Each editing event was supplied with essential information recovered from miRBase (v22), including the relative position within pre-miRNA and mature miRNA, genomic position, and pre-miRNA region (5′- or 3′-arm, or loop region). For editing events occurring outside the pre-miRNA sequence, we adopted the notation “pri-miRNA.” Editing events were then enriched with metadata manually collected from selected publications. Overall, we extracted eight different information types: detection/validation method, experiment type, biological source, correspondent condition (adverse or normal), comparison (pathological vs. physiological condition), editing level, enzyme affinity, and functional characterization.

The “detection method” does not specify the method adopted by authors to identify miRNA editing events. Instead, it indicates which kind of methodological approach (targeted, wide-transcriptome, or both) the authors selected for editing detection.
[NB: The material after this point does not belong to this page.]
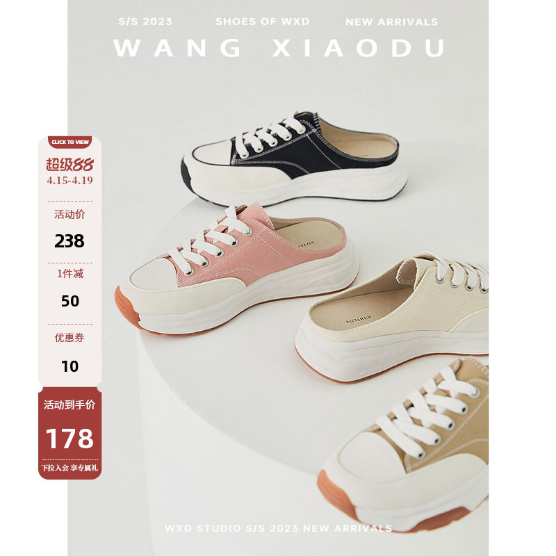 【王小毒】北海道②●4.3cm增高帆布包头半拖鞋休闲厚底小白鞋女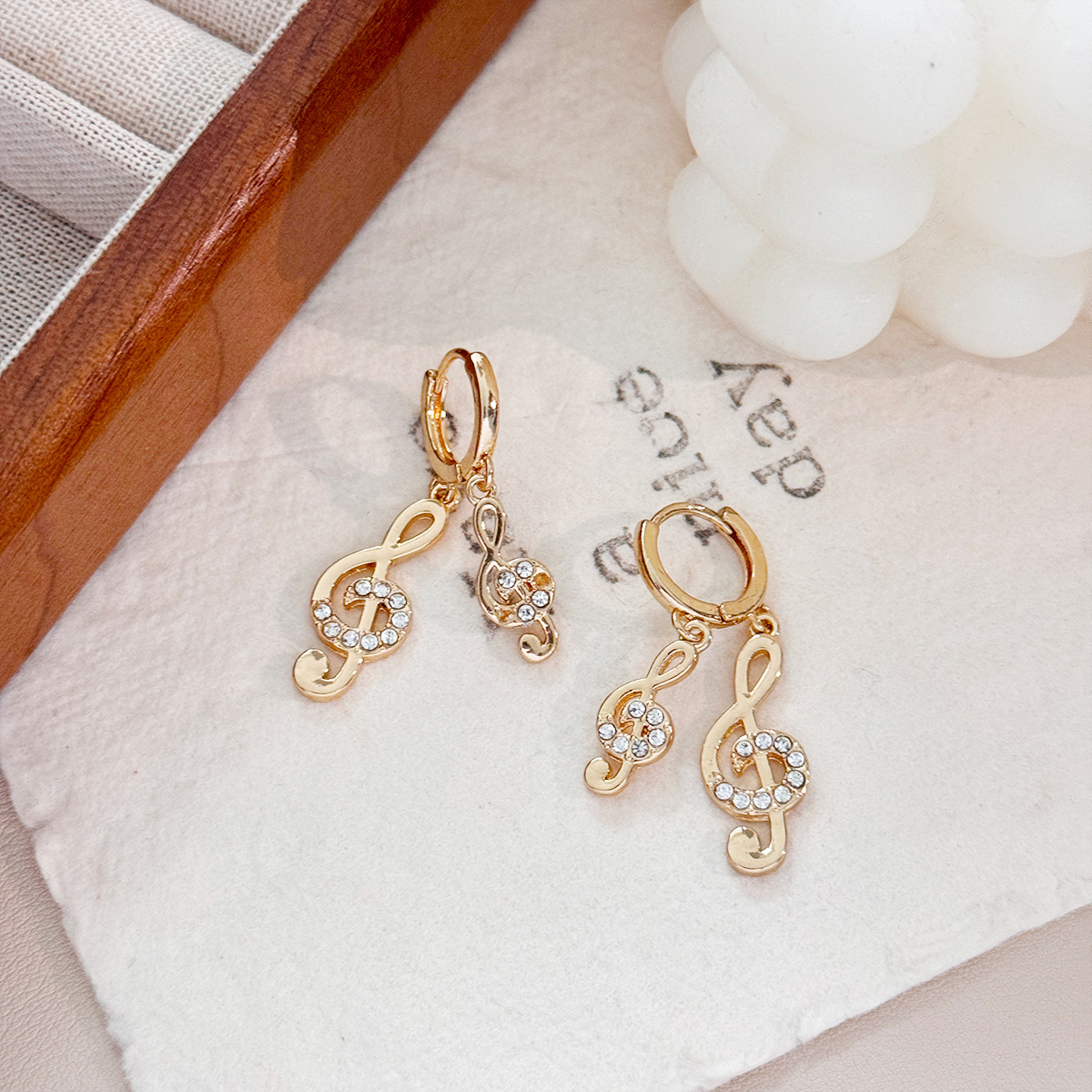 ダイヤモンドノートがちりばめられた新しい人気のイヤリング、学生や女の子向けの非対称イヤリング、パーソナライズされた音楽シンボルジュエリー

Only in two cases, the method has been specified to highlight particularly sensitive and innovative approaches, i.e., miR-mmPCR-seq^15,48 and RIP-seq⁴⁹.

The “validation method” refers to methods confirming sequencing data, especially those obtained by wide-transcription approaches, including enzyme knock-down (only ADAR in the current version), knock-out, differential expression, and modification-specific enzymatic cleavage⁵⁰.
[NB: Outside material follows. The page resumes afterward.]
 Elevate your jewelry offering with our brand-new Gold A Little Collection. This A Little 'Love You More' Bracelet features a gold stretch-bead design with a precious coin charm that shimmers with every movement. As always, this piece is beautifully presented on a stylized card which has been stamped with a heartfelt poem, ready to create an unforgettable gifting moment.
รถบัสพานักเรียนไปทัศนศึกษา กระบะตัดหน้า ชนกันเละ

The “experiment type” specifies whether, in a particular study, individual editing events were identified in vitro, in vivo, or ex vivo. Editing events obtained by analyzing small RNA-seq data from The Cancer Genome Atlas (TCGA)⁵¹ or Genotype-Tissue Expression (GTEx) atlas⁵² were considered as detected in vivo. Editing events obtained by analyzing sequence libraries from the Sequence Read Archive (SRA) database⁵³ were considered as detected in vitro, in vivo, or ex vivo depending on the library derivation.

The “pathological condition” specifies whether a miRNA editing event was detected in one or multiple diseases. For a given study, physiological and pathological conditions were compared to whether editing levels for an individual miRNA were simultaneously available for both conditions.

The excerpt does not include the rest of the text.